Each question is processed through the selected RAG architecture:
# From ragas_evaluator.py:198-210
rag_result = self.query_function(question)

# Extract data for RAGAS
questions.append(question)
answers.append(rag_result["answer"])
contexts.append(rag_result["contexts"])
ground_truths.append(ground_truth)
3

Calculate RAGAS Metrics

RAGAS evaluates all four metrics:
# From ragas_evaluator.py:118-123
self.metrics = [
    faithfulness,        # Answer faithfulness to context
    answer_relevancy,    # Answer relevance to question
    context_precision,   # Precision of retrieved contexts
    context_recall       # Recall of necessary information
]
4

Save Results

Results are saved to results/ragas_evaluation_[rag_type]_[timestamp].json

Example Output

Starting RAGAS evaluation
System: Simple Semantic RAG
Dataset: Obstetric queries (10 questions)
============================================================
Processing 10 queries with Simple Semantic RAG
Dataset prepared: 10 queries processed
Starting RAGAS evaluation...
Evaluation completed

============================================================
RAGAS EVALUATION RESULTS
============================================================
Faithfulness: 0.850
Answer Relevancy: 0.265
Context Precision: 0.779
Context Recall: 0.600

Average Score: 0.623
Performance: Good

Results saved to: results/ragas_evaluation_simple_20260311_093843.json

Evaluation completed - 10 queries processed

Multi-Model Evaluation

Compare performance across multiple language models for a specific RAG architecture.

Command

python scripts/run_evaluation.py multi-model [rag_type]

Examples

python scripts/run_evaluation.py multi-model hybrid

Available Models

The system evaluates across all models defined in MODELS_REGISTRY:
  • gpt-4o - OpenAI GPT-4o
  • gpt-5 - OpenAI GPT-5
  • gpt-5.2 - OpenAI GPT-5.2
  • google/medgemma-1.5-4b-it - Medical-specialized model
  • And other models configured in the registry

How It Works

# From ragas_evaluator.py:611-684
def run_multi_model_evaluation(self, models_to_test: list = None):
    if models_to_test is None:
        models_to_test = list(MODELS_REGISTRY.keys())
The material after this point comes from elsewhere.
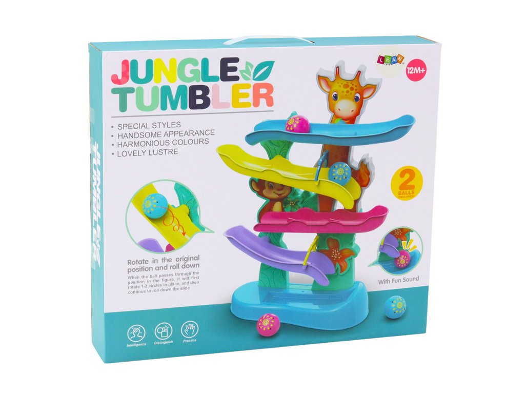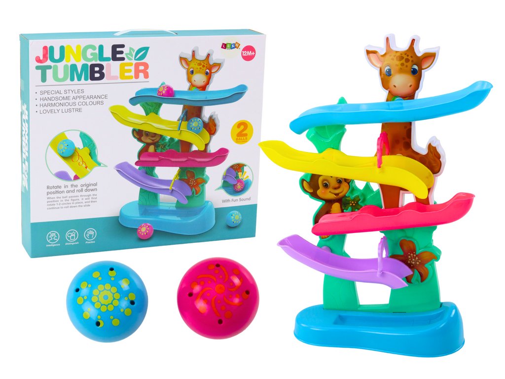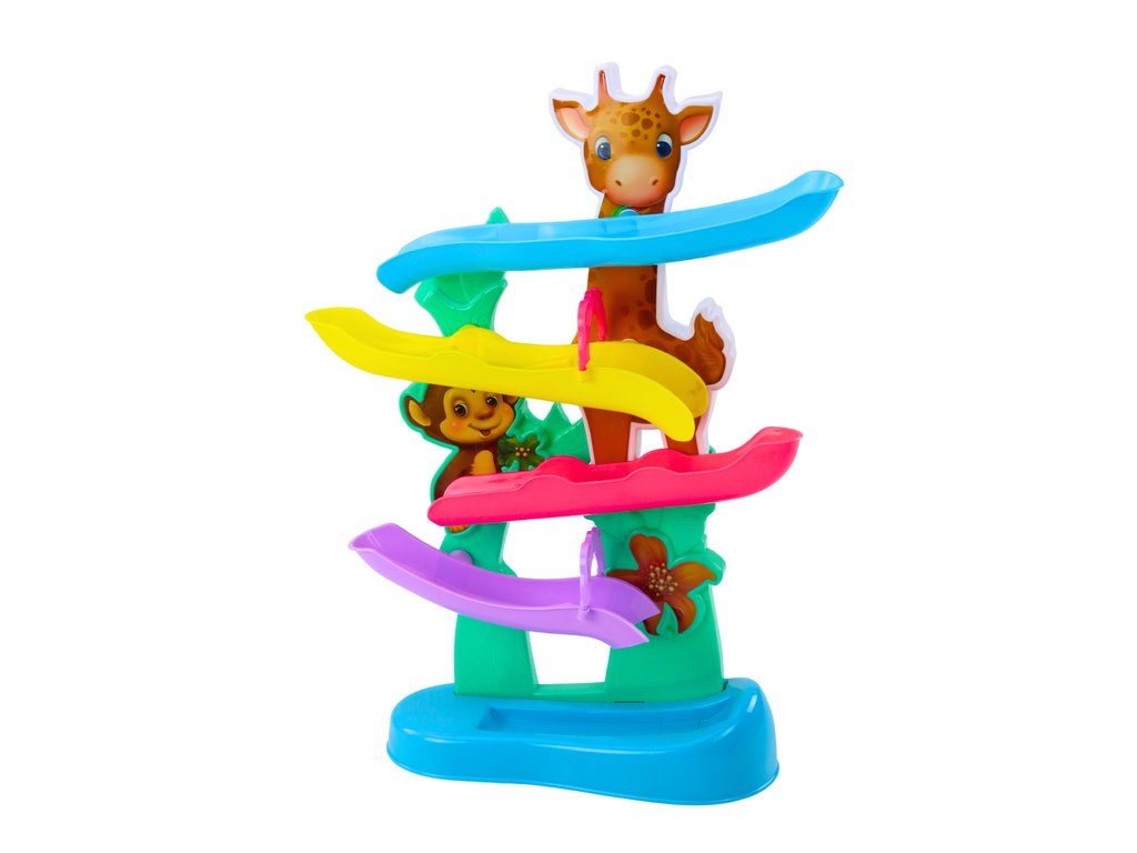 Skluzavka pro míčky s motivem žirafy a opice, barevná

    print(f"Starting multi-model evaluation for RAG type: '{self.rag_type}'")
    print(f"Models to be tested: {models_to_test}")

    all_models_data = {}
    
    for model_key in models_to_test:
        print(f"\n--- Evaluating with model: {model_key} ---")
        
        # Create the language model instance
        model_config = MODELS_REGISTRY[model_key]
        llm_instance = create_llm(model_config)
        
        # Run evaluation with this model
        results_dataset = self.run_evaluation()
        
        # Collect results
        model_data = self.save_results(results_dataset, return_data_only=True, model_name=model_key)
        all_models_data[model_key] = model_data

Output File

Results are saved to results/ragas_multimodel_[rag_type]_[timestamp].json
Multi-model evaluations take significantly longer since each model processes all 10 questions. Expect 10-30 minutes depending on the models tested.

Comprehensive Benchmark

Run a complete evaluation across all RAG architectures and all available models.

Command

python scripts/run_evaluation.py all-models-all-rags

What This Does

1

Evaluate All RAG Types

Runs evaluations for all 6 RAG architectures:
  • Simple Semantic RAG
  • HyDE RAG
  • Rewriter RAG
  • Hybrid RAG
  • Hybrid RAG + RRF
  • PageIndex RAG
2

Test All Models

Each RAG is tested with every model in MODELS_REGISTRY
3

Generate Comparison Data

Produces comprehensive comparison showing:
  • Performance of each RAG architecture
  • Model-specific performance variations
  • Cross-model consistency
  • Optimal configuration identification

Output File

Results are saved to results/ragas_comprehensive_all_rags_all_models_[timestamp].json
This is the most comprehensive evaluation and can take several hours to complete. It processes:
  • 6 RAG architectures × N models × 10 questions
Recommended for final benchmarking and research publication.

Evaluation with Debug Output

Enable debug mode for detailed logging:
python scripts/run_evaluation.py hybrid --debug
Debug mode shows:
  • First 2 questions with full context
  • Detailed error traces
  • Metric calculation steps
# From ragas_evaluator.py:212-218
if self.debug and i <= 2:
    print(f"DEBUG - Query {i}:")
    print(f"  Question: {question[:100]}...")
    print(f"  Answer: {rag_result['answer'][:100]}...")
    print(f"  Contexts count: {len(rag_result['contexts'])}")
    print(f"  Ground truth: {ground_truth[:100]}...")

Viewing Results

All evaluation results are saved as JSON files in the results/ directory:
results/
├── ragas_evaluation_simple_20260311_093843.json
├── ragas_evaluation_hybrid_20260311_095023.json
├── ragas_multimodel_rewriter_20260311_130636.json
└── ragas_comprehensive_all_rags_all_models_20260311_111557.json
Use a JSON viewer or Python script to analyze results. Each file contains:
  • Metadata (timestamp, model, RAG type)
  • Summary metrics (aggregated scores)
  • Question-by-question breakdown
  • Performance metrics (tokens, cost, execution time)

Troubleshooting

Ensure you’re running from the project root:
cd RAG-Benchmark
python scripts/run_evaluation.py hybrid
Run the embeddings creation script first:
python scripts/create_embeddings.py
This can happen with async timeout issues. The system automatically falls back to synchronous mode:
# From ragas_evaluator.py:287-288
print("Detected all-NaN async metric output. Switching to synchronous fallback...")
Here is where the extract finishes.